GZip.jl
GZip.jl copied to clipboard
eachline() reports extra line in GZip file but not in unzipped file
I found an issue where eachline() was returning an extra empty line "" after the end of a gz file I was reading. The file ends in a single newline, and has 171 total lines. Reading the uncompressed file works fine, but as the output below shows reading from the GZip stream produces a spurious blank line.
This only happens for this file (thousands of other such files worked fine) and if I change the file more than just a character or two the bug goes away. Unfortunately this is medical data so I can't attach the file, but see the output below (using the current version of GZip):
_
_ _ _(_)_ | A fresh approach to technical computing
(_) | (_) (_) | Documentation: http://docs.julialang.org
_ _ _| |_ __ _ | Type "help()" for help.
| | | | | | |/ _` | |
| | |_| | | | (_| | | Version 0.3.0-rc4 (2014-08-15 04:01 UTC)
_/ |\__'_|_|_|\__'_| |
|__/ | x86_64-redhat-linux
> using GZip
> open(f->length(readlines(f)), "/tmp/orig")
171
> GZip.open(fout->write(fout, open(readall, "/tmp/orig")), "/tmp/orig.gz", "w");
> GZip.open(f->length(readlines(f)), "/tmp/orig.gz")
172
> GZip.open(f->readlines(f), "/tmp/orig.gz")[end]
""
> open(fout->write(fout, GZip.open(readall, "/tmp/orig.gz")), "/tmp/orig2", "w");
> open(f->length(readlines(f)), "/tmp/orig2")
171
@slundberg, thanks for the report.
Can you give the zlib version you're using? You can get it with GZip.zlib_version
.
Also, can you try installing the Zlib
package and running the same test using Zlib.reader(open("/tmp/orig"))
?
Sorry, that's Zlib.Reader(open("/tmp/orig"))
.
Same issue with Zlib:
> GZip.zlib_version
"1.2.3"
> length(readlines(Zlib.Reader(open("/tmp/orig.gz"))))
172
I should also note that when I compress the file using the gzip from the command line and then read the file everything is fine (at least for this file), so it only happens during a full read write cycle.
One further update...read write read with Zlib works, but I don't know if it's just because I may have chosen a different compression level than GZip uses by default.
> f = open("/tmp/orig.gz", "w")
> zf = Zlib.Writer(f, 9)
> write(zf, open(readall, "/tmp/orig"))
> length(readlines(Zlib.Reader(open("/tmp/orig.gz"))))
171
I was just going to suggest doing that. :-) At least that gives you a workaround.
You can set the compression level for gzip by appending the number to the file mode, e.g.,
f = GZip.open("/tmp/orig.gz", "w9");
Can you try that? Also, is it possible for you to try with a later version of zlib?
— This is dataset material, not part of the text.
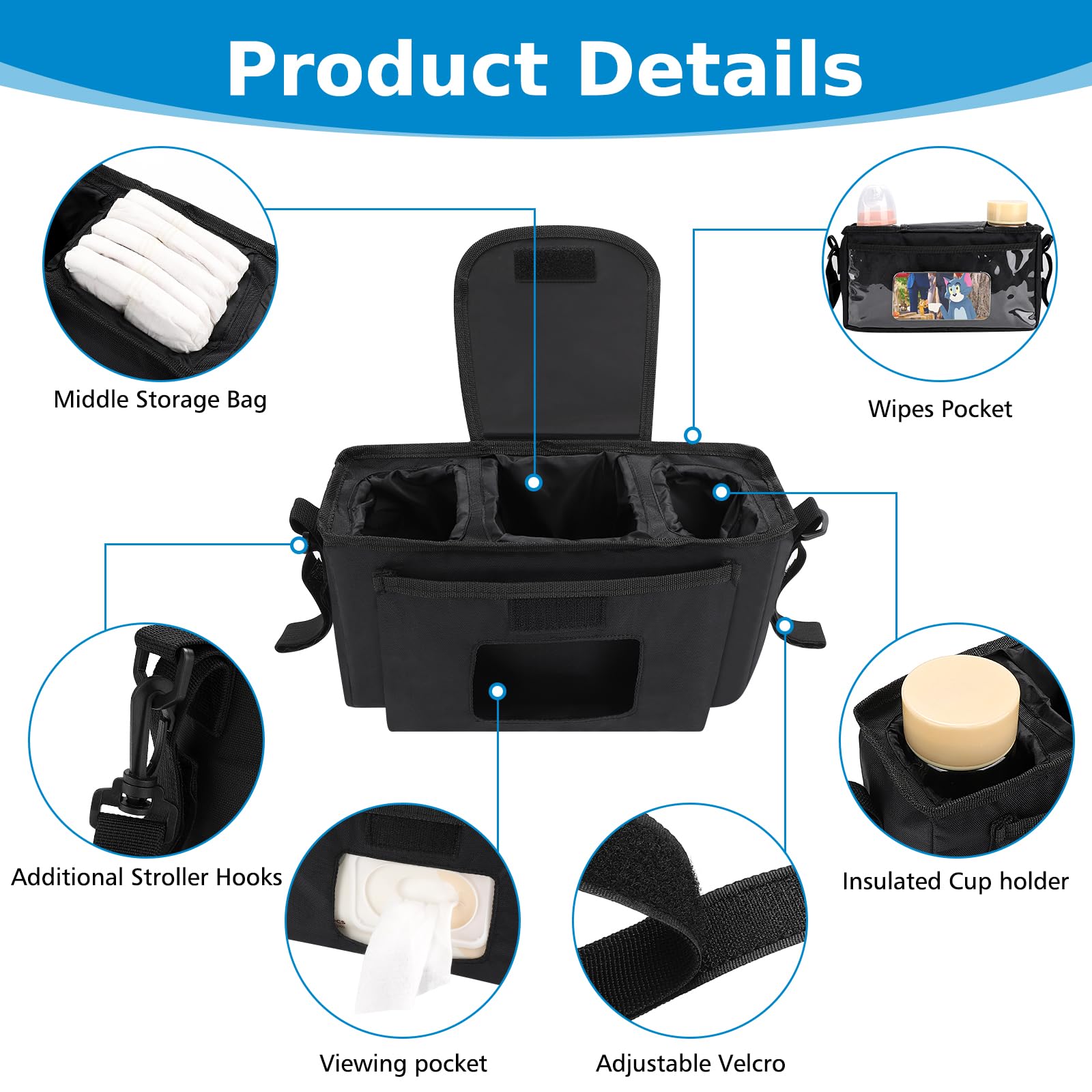 - Structured Stroller Organizer: This stroller caddy features an internal partition system that provides multifunctional compartments for efficient organization. The middle large storage compartment can storage baby diapers, toys, clothes, pacifiers or other accessories; 2 insulated cup holders on two sides, can be used to place baby bottles, beverage cups, water bottles etc. A convenient open pocket on the front for easy access to wet wipes or tissue.
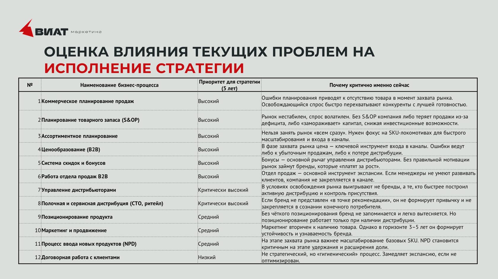Следующим шагом становится оценка влияния текущих проблем на исполнение стратегии компании. Выявив проблемы, компания не может в одно мгновение прийти в идеальное состояние. Любые изменения предшествуют трансформации, в процессе которой мы можем столкнуться с дополнительными сложностями, например, нехватке ресурсов, неготовности команды меняться, сопротивление партнёров и т.д. Чаще руководители компаний, работая с таким списком, начинают изменения с самых простых проблем, которые могут принести не самые большие, но быстрые результаты. Наша задача заключается в том, чтобы показать, какие изменения необходимы компании для эффективного развития на ближайшие 5-10 лет.

Matching compression levels at 6 creates the issue with GZip but not Zlib.
It also looks like it could be the zlib version. I can't change that on the server very easily but on my macbook with zlib 1.2.5 I don't see the issue.
Perhaps I can get a newer zlib sometime soon on the server and see if that resolves it there as well. For now I can just check for empty lines.
GZip calls gzwrite
, and Zlib doesn't, so that probably explains the difference. If you increase the buffer size for the write in ZLib
, it might even be faster, if that matters. In the past, I've thought about merging those packages, since they're somewhat redundant, but I doubt I'll get to it anytime soon.
The zlib
changelog shows a few fixes in gzwrite
after version 1.2.3, so perhaps one of them fixed the issue.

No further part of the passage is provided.